Ellery sat down with the books in a chartreuse plastic chair. They were only an armful: Burton Stevenson’s Home Book of Modern Verse, William H. Newell’s Games and Songs of American Children, a volume called The Music Hour by Osbourne McConathy, a few others. He began turning pages.
“You won’t find anything in them,” said O’Bannon. “Original author of the lines unknown. Thrilling. Were you able to talk to David Waldo?”
“No.”
“Neither was I. What did Dakin tell you?”
“What did he tell you?”
“Check. I’ve interviewed the representative of the fire underwriters and he’s very unhappy. Are you happy, Queen?”
“No.”
“Nobody’s happy. Not even Malvina. Do you know this town is on the thin edge of group diarrhea?” Ellery had stopped turning pages and he was staring at some words. “Queen, tell me. Were the Waldos part of this mishmash?”
“Yes.”
The typewriter stopped. “Did you say yes?”
“Yes.”
“Say...”
“Yes!” Ellery got up. The books tumbled to the floor.
“Wait a minute!”
But Ellery was gone. O’Bannon picked up the books, puzzled.
“Two possibilities,” Ellery said after dinner that night. “Two again. But that’s not the important thing. The important thing is a comma.”
Rima glanced at her husband. Ken was scrutinizing Ellery with a frown.
“Comma, comma.” He was striding about the living room smoking furiously. “O’Bannon saw it with his own eyes and didn’t see it at all. Nobody’s seen it. What’s the alternate version of that rhyme? Rich man, poor man, beggar-man, thief—”
“Doctor, lawyer, Indian chief,” said Rima.
“No, that was out long ago on sufficient grounds. The other one.”
“Doctor, lawyer, merchant chief.”
“Gives us seven victims of lunacy. Seven corpses. But oh, that comma.” He chuckled and rubbed his hands.
“What,” said Ken, “are you gassing about!”
“Why, Dr. Winship, it seems that of the second version there are two sub-versions. Two again, see? In the first sub-version the rhyme winds up with Doctor, lawyer, merchant chief. But go to the source books and you find the second sub-version: Doctor, comma, lawyer, comma, merchant, COMMA, chief!”

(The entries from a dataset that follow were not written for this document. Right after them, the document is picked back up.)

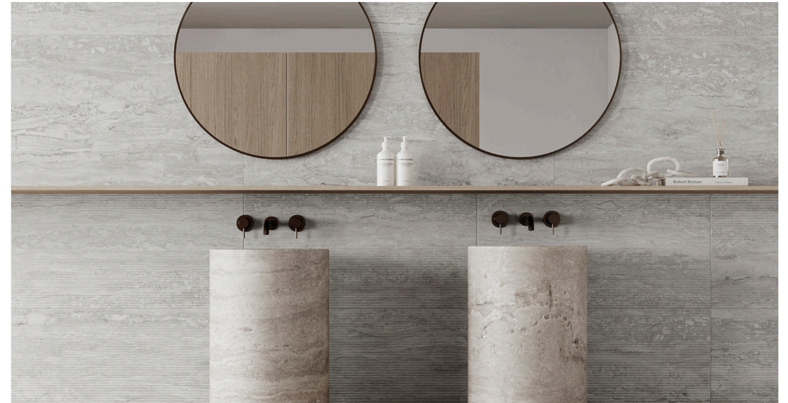
G8022 Marmol Silver 32x62.5cm / 12.6"x24.6" · G8022-D Marmol Deco Silver 32x62.5cm / 12.6"x24.6"
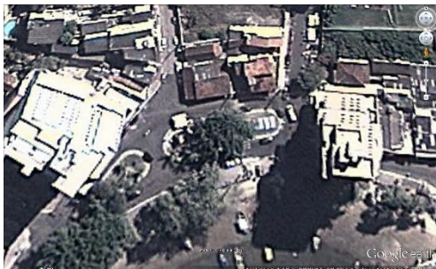
Figura 01 – Foto aérea

O presente documento tem por objetivo destacar os elementos significativos referentes ao projeto de revitalização da praça pública localizado no entroncamento da Rua Heitor Lugon no Bairro Muquiçaba, Guarapari, ES; georeferenciada pelas coordenadas 20°39'44,06"S e 40°29'48,05"O. Possui uma temperatura média em torno de 24,4º C, e vento predominante no sentido nordeste-noroeste, e ventos chuvosos no sentido Sul-Norte.
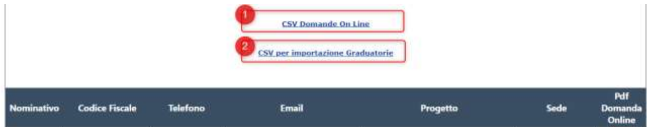
Figura 7 Download file CSV in caso di bando terminato
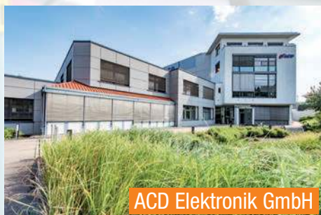
ACD Elektronik GmbH

ACD Elektronik GmbH Entwicklung mobiler Geräte und Anwendungen in der Industrie-elektronik und deren Produktion
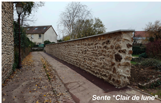
Sente "Clair de lune"
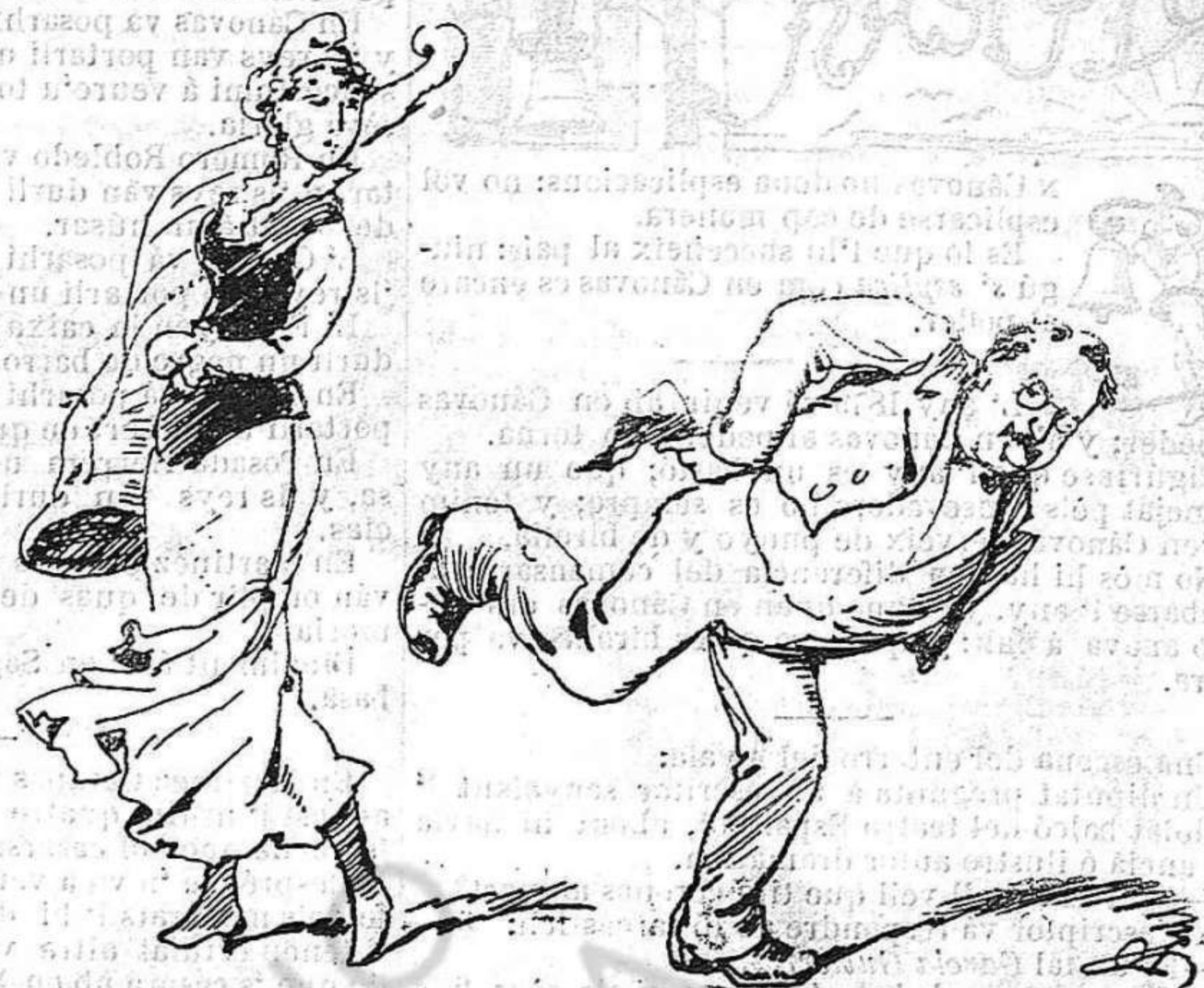
y 'us ho pagarán á còssas.
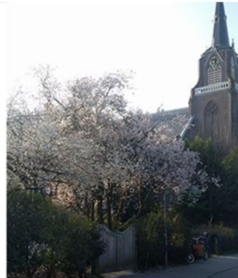
Planten en bomen hebben een sterke impact op de aantrekkelijkheid van een plek.
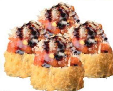
180 ESPECIAL URAMAKI FRITO (4pz) Surimi*, aguacate, salmón, tartar de salmón, salsa teriyaki, migas de tempura € 6,00
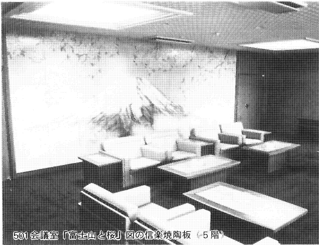
501会議室「富士山と桜」図の信楽焼陶板（5階）
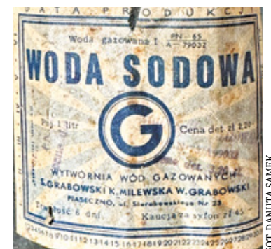
Etykieta syfonu do wody sodowej z kolekcji Danuty Samek

zwłaszcza przed świętami kolejka stała na zewnątrz. O tej rodzinie wiem
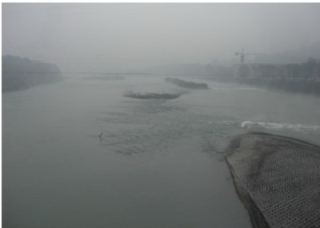
Besuch eines weiteren UN-Weltkulturerbes, des Dujiangyan-Bewässerungssystems.
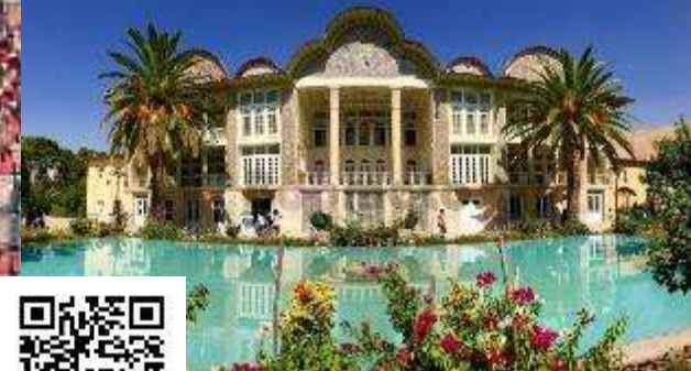
باغ ارم شیراز
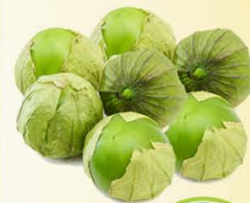
TOMATILLO Con Hoja kilo
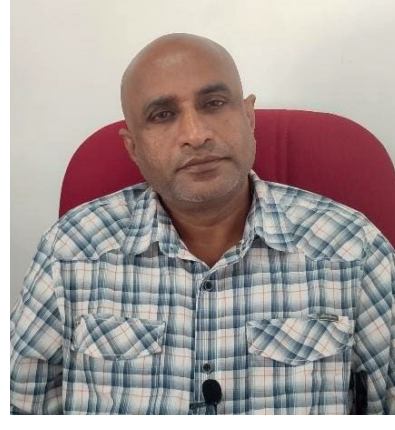
பாதிக்கப்படுகின்றார்கள். யூரியா வழங்குவதில் பாரபட்சம் காட்டாமல் மலையக மரக்கறி உற்பத்தியாளர்களுக்கும் 10 ஆயிரம் ரூபாவுக்கு யூரியா வழங்க வேண்டும்.

“Merchant comma chief,” Rima repeated. “Merchant and chief? Two separate—?”
“Beautiful, isn’t it? Yes, two separate words, Rima. Merchant, chief. Makes eight items where there were seven. Does it fit? Oh, yes. The Waldos weren’t ‘merchant chiefs’ — but they were merchant tailors... merchants. So somebody’s following the second sub-version, the one with eight characters. Number seven was Jonathan Waldo.”
“Then there’s an eighth to come,” said Rima damply.
“Chief?” muttered Ken.
“Chief what, Ellery? What kind of chief?”
Ellery’s glee faded. “Now there you’ve got me. The only chiefs in Wrightsville I know of are the chief of police and the fire chief.” Ellery hurled his butt into the fireplace. “Damn it, don’t look at me that way! Of course Dakin and Apworth will have me committed! But what else can I think? What else can I do? I’m going to bed!”